• **ABOUT THIS TASK**
When you reach the line with "今回の体験会では、一般社団法" in the data below, begin printing lines exactly, and stop once the line with "Die Beanie besteht" has been printed.

[Items from a dataset]
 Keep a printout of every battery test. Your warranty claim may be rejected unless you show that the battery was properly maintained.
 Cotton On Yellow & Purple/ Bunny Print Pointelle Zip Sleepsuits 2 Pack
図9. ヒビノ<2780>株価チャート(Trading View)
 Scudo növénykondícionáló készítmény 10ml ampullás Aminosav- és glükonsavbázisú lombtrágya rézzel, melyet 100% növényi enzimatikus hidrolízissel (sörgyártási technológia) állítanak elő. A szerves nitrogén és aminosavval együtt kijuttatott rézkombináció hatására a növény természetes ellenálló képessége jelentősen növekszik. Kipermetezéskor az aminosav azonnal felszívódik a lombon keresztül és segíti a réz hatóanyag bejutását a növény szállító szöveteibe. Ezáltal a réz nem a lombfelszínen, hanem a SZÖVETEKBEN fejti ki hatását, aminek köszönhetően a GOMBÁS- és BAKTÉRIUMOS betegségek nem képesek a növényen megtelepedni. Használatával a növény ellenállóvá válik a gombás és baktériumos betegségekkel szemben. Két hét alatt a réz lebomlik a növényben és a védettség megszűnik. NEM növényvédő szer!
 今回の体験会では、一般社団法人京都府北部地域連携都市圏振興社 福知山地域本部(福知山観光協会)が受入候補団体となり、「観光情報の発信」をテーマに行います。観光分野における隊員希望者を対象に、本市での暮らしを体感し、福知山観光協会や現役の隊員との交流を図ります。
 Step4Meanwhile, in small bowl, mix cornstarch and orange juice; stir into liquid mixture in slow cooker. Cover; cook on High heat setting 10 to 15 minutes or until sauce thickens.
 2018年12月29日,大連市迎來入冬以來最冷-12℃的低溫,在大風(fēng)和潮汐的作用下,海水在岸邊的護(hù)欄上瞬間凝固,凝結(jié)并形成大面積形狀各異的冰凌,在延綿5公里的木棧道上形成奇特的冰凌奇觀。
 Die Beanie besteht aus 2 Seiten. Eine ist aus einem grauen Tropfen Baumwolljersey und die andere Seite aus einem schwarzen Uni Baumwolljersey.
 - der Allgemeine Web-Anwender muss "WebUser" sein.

• **ANSWER SECTION**
 今回の体験会では、一般社団法人京都府北部地域連携都市圏振興社 福知山地域本部(福知山観光協会)が受入候補団体となり、「観光情報の発信」をテーマに行います。観光分野における隊員希望者を対象に、本市での暮らしを体感し、福知山観光協会や現役の隊員との交流を図ります。
 Step4Meanwhile, in small bowl, mix cornstarch and orange juice; stir into liquid mixture in slow cooker. Cover; cook on High heat setting 10 to 15 minutes or until sauce thickens.
 2018年12月29日,大連市迎來入冬以來最冷-12℃的低溫,在大風(fēng)和潮汐的作用下,海水在岸邊的護(hù)欄上瞬間凝固,凝結(jié)并形成大面積形狀各異的冰凌,在延綿5公里的木棧道上形成奇特的冰凌奇觀。
 Die Beanie besteht aus 2 Seiten. Eine ist aus einem grauen Tropfen Baumwolljersey und die andere Seite aus einem schwarzen Uni Baumwolljersey.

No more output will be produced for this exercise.